Davis now claims that by providing the arbitrator's award to Ward, Catanzarite "undercut [Davis's] bargaining position [with KeyBank] by encouraging KeyBank to become intransigent based on their newfound knowledge of [Davis's] desperate financial condition." See Davis Opening Brief at p. 8. Davis asks the Court to sanction Catanzarite for his conduct.

Was this "newfound" knowledge? While the arbitrator's decision discusses the financial plight that led Davis into the fee arrangement, Davis herself revealed her "horrible" financial condition at her deposition (quoted above), well-before Catanzarite provided the decision to Ward. While it is true that the arbitrator makes a passing mention in a footnote to Davis's difficulty in paying her current attorney, this was no dramatic revelation given her past financial distress.

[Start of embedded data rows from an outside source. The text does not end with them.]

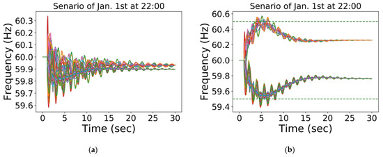 For each dispatch, multiple simulations are performed to find the optimal load increase or load decrease amount. Those values are always less than the tie line active power flows. Taking one dispatch (1st January, hour 22), for instance, Figure 4a shows the frequency of two islands when WECC-1 RAS performs the load increase and load decrease according to the total tie-line flows, while Figure 4b shows the frequency of two islands when WECC-1 RAS performs the optimal load increase and load decrease. Note that the average frequency of each bus is used to present the bus frequency of each island. Under this dispatch, the total tie-line flows between the two islands are 6177.9 megawatt (MW) and −6073.3 MW, respectively. The optimal load increase and decrease are 2996.9 MW and −4928.9 MW, respectively. The optimal load increase and load decrease values are less than the total tie-line flows while maintaining the frequency above 59.5 Hz and below 60.5 Hz.
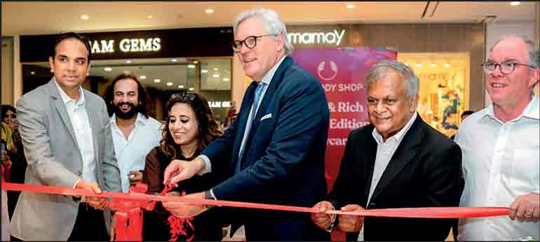 From left: The Body Shop Sri Lanka Director Kosala Rohana Wickramanayake, British High Commissioner to Sri Lanka Andrew Patrick, Quest Retail Executive Chairperson Shriti Malhotra, The Body Shop South Asia Chief Revenue Officer Vishal Chaturvedi, Softlogic CEO Terry O’Connor and One Galle Face General Manager Sachin Dhanawade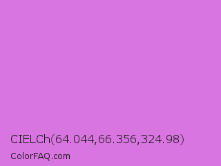 CIELCh 64.044,66.356,324.98 Color is a light magenta color and the nearest color is Orchid #da70d6. Hex code #d975e0 and RGB value is rgb(217,117,224). In RGB color space, this color is composed of 85% red, 46% green, 88% blue, In CMYK color space, this color is composed of 3% cyan, 48% magenta, 0% yellow , 12% black , In HSL color space, this color has a hue angle of 296° , 63% saturation and 67% lightness.
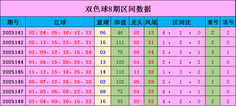 近8期区间比为20:16:12,近期走势:1、2区走势较热,3区走势较温。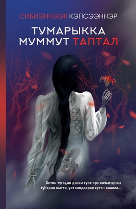 …Иҥнэри түспүт сэргэҕэ өйөнөн, күлүк сордоох токуччу түһэн боруоран олороро. Куту-сүрү ыга баттыыр ыас хараҥа түүнтэн да, курдары охсор, хаарынан сабыта ыһыахтыыр тыалтан да күлүк имин да тартаран көрбөтө. Кинини арай күөгэйэр күнүгэр умуллубут кылгас олоҕун туолбатах ыра санаатын минньигэс долгуна угуттуура. Ол хаһан эмит эргийэн кэлэр ыра санаатын кынатыгар уйдарар туһуттан кини эмиэ тыыннаах дууһалыы күлүҥнээн сырыттаҕа…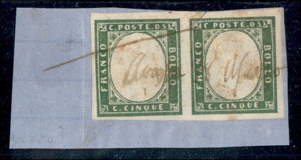 1861 - 5 cent (13Ca) - coppia orizzontale usata su frammento con annullo a penna (....18 marzo)

But even if the arbitrator's decision could be read as revealing damaging information regarding Davis, Catanzarite had the right to send it to Ward. Idaho Rule of Professional Conduct 1.6(b)(5) allows an attorney to reveal information relating to his representation of a client "to respond to allegations in any proceeding concerning the lawyer's representation of a client. . . ." Catanzarite had been accused by Davis of charging an unreasonable fee. That charge could weaken Catanzarite's ability to enforce his attorney fee lien in this proceeding, and hence he was justified in responding to the charge by providing Ward with the arbitrator's decision.

Davis argues that Rule 1.6(b)(5) only applies when an attorney needs to defend himself against formal civil or criminal charges. The Court disagrees. Subsection (5) discusses the rights an attorney has to defend himself against a "criminal charge or civil claim" — covering the formal charges Davis refers to — but goes further and also covers "any proceeding concerning the lawyer's representation of the client. . . ." Thus, the Rule is broad enough to encompass the "proceeding" in this case. Catanzarite had the right to defend himself here from a charge that essentially challenged the basis of his attorney fee lien. Moreover, the Court cannot ignore the fact that the arbitrator's award was not a confidential document in the attorney's file, but was filed, as required by law, as a public document.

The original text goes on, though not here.